入り口からしてホテルかと疑うほどの立派な造り。
堂々とした佇まいで、足早に進んでいってしまう来碧さんを後から慌てて追いかける。はたから見れば、主人とポンコツ召使いに違いない。
これまで共に過ごす中で度々思う事はあったが、やはり俺と来碧さんは生きてきた世界がまるで違う。
そんな彼と、これから先寄り添って人生を歩んでいく。
…今日は、それを彼の親御さんに報告する大切な日。
あぁ、ダメだ。
今になって昨日のパンチがまた効いてきた。
鈍い痛みを訴える腹に手を当て、深く息を吸い込んだ。
ここまで来ておいて、勘弁してくれよな。
自分の精神の弱さには呆れてしまうよ、まったく。
「綾……あぁっと、すばる。エレベーター乗るぞ」
「ひえ??え、ぁ…うん!今!」
ただでさえ非日常。
それに加わる新たな呼び名は、自身を更に混乱させるには十分だ。
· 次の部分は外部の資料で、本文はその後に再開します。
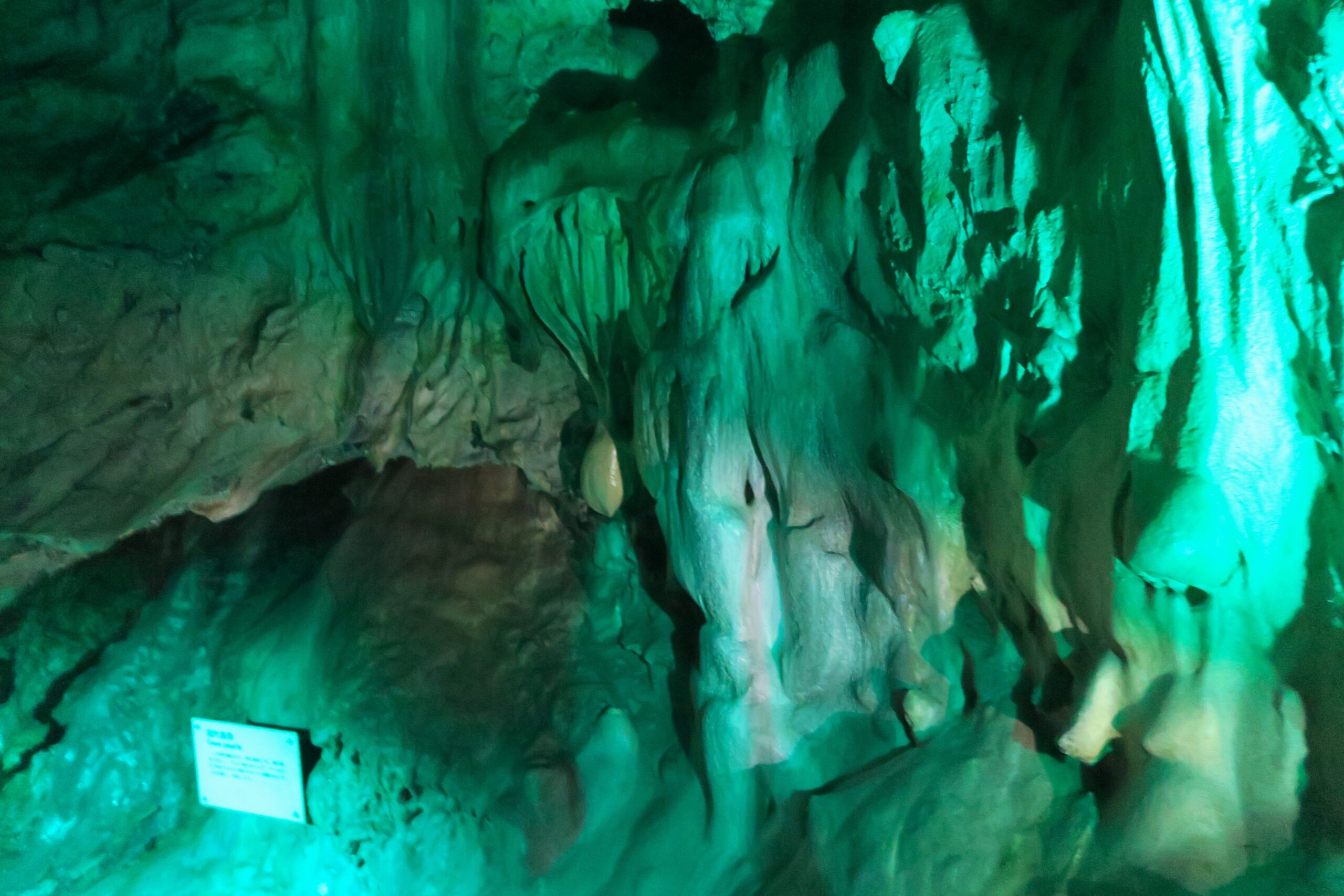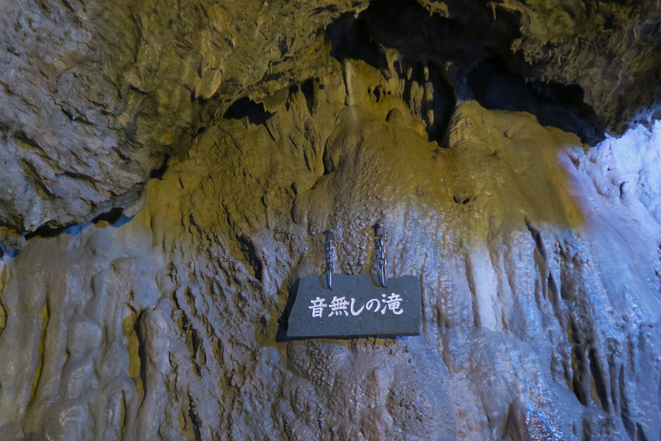 なかでも目に止まった「音無滝」は、まるで鍾乳石が壁面を壁一面を流れているかのようで、このタイプの鍾乳石は「流れ石」といって、水に含まれた石灰分が壁を伝わる間に再結晶してできたものです。

一瞬にして耳まで体温の上昇を感じた。
そんなスマートに呼ばれると、今度はこちらが照れてしまう。自ら言った事ではあるが、やはりそう簡単に慣れはしないらしい。
後頭部を掻きながら、数刻前の悪戯心を早速後悔する始末である。
せめて、帰りまで待つべきだったかもしれない…。
挙動不審な怪しい人物を前にして、来碧さんのお母様が認めてくれる訳もないだろう。
正方形を規則的に組み合わせた床から視線を外し、呼ばれた方へと目を向けたその時。
──予想外の光景に思わず、声を失った。
「……な、何だよ。人の顔ばっか見てないで早く乗れ」
「…………は、ぃ…」
スマートは言い換えよう。
来碧さんは、頑張り屋さんだ。……多分。
鏡など無いのだから確認は出来ないが、恐らく俺以上に赤くなっている来碧さんを見てどきっとした。もはや心臓がかなりの音を立てた気がする。
聞こえていないか、はたまた飛び出して来ないか、それはもう心配で堪らなくなるほどに。